### Brain-hacking 101

Author: [**Ariel Rokem**](http://arokem.org), [**The University of Washington eScience Institute**](http://escience.washington.edu)

### Hack 1: Read your data into an array

When you conduct a neuroimaging experiment, the computer that controls the scanner and receives the data from the scanner saves your data to a file. Neuroimaging data appears in many different file formats: `NiFTI`, `Minc`, `Dicom`, etc. These files all contain representations of the data that you collected in the form of an **array**. 
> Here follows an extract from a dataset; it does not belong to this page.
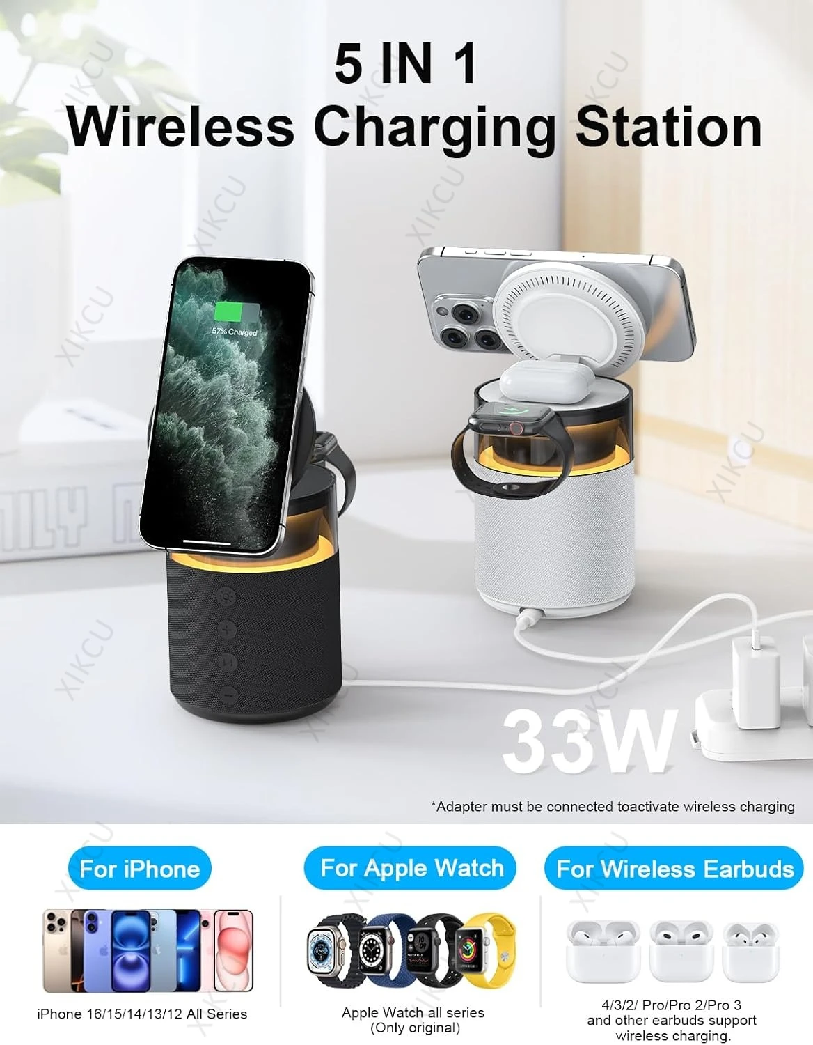 Press and hold the third button to power on, then immediately press the same button five times consecutively to clear its Bluetooth pairing history. After that, enable Bluetooth on your new device, search “MAGNETIC 5-IN-1 SPEAKER” and connect it.
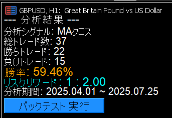 自分の手法を確立したい中級者の方: ご自身が使っている手法の優位性を客観的な数値で確認し、自信を深めることができます。また、パラメーターを少しずつ変えてテストすることで、手法のパフォーマンスを最大限に高める「最適化」が可能です。

What is an array? It is a way of representing the data in the computer memory as a *table*, that is *multi-dimensional* and *homogenous*.

What does this mean? 

- *table* means that you will be able to read all or some of the numbers representing your data by addressing the variable that holds your array. It's like addressing a member of your lab to tell you the answer to a question you have, except here you are going to 'ask' a variable in your computer memory. Arrays are usually not as smart as your lab members, but they have very good memory.

- *multi-dimensional* means that you can represent different aspects of your data along different axes. For example, the three dimensions of space can be represented in different dimensions of the table:

![Arrays](./images/array.svg)

- *homogenous* actually means two different things: 
    - The shape of the array is homogenous, so if there are three items in the first column, there have to be three items in all the columns. 
    - The data-type is homogenous. If the first item is an integer, all the other items will be integers as well.

To demonstrate the properties of arrays, we will use the [`numpy`](https://numpy.org) library. This library contains implementations of many scientifically useful functions and objects. In particular, it contains an implementation of arrays that we will use throughout the folllowing examples.

In [1]:
import numpy as np

In [2]:
# Numpy is a package. To see what's in a package, type the name, a period, then hit tab
#np?
#np.

In [3]:
# Some examples of numpy functions and "things":
print(np.sqrt(4))
print(np.pi)  # Not a function, just a variable
print(np.sin(np.pi)) # A function on a variable :) 

2.0
3.14159265359
1.22464679915e-16


### Numpy arrays (ndarrays)

Creating a NumPy array is as simple as passing a sequence to `np.array` 

In [4]:
arr1 = np.array([1, 2.3, 4])   
print(type(arr1))
print(arr1.dtype)
print(arr1.shape)

<type 'numpy.ndarray'>
float64
(3,)


In [5]:
print(arr1)

[ 1.   2.3  4. ]


### You can create arrays with special generating functions: 

`np.arange(start, stop, [step])`

`np.zeros(shape)`

`np.ones(shape)`

In [6]:
arr4 = np.arange(2, 5)
print(arr4)
arr5 = np.arange(1, 5, 2)
print(arr5)
arr6 = np.arange(1, 10, 2)
print(arr6)

[2 3 4]
[1 3]
[1 3 5 7 9]


## Exercise : Create an Array

Create an array with values ranging from 0 to 10, in increments of 0.5.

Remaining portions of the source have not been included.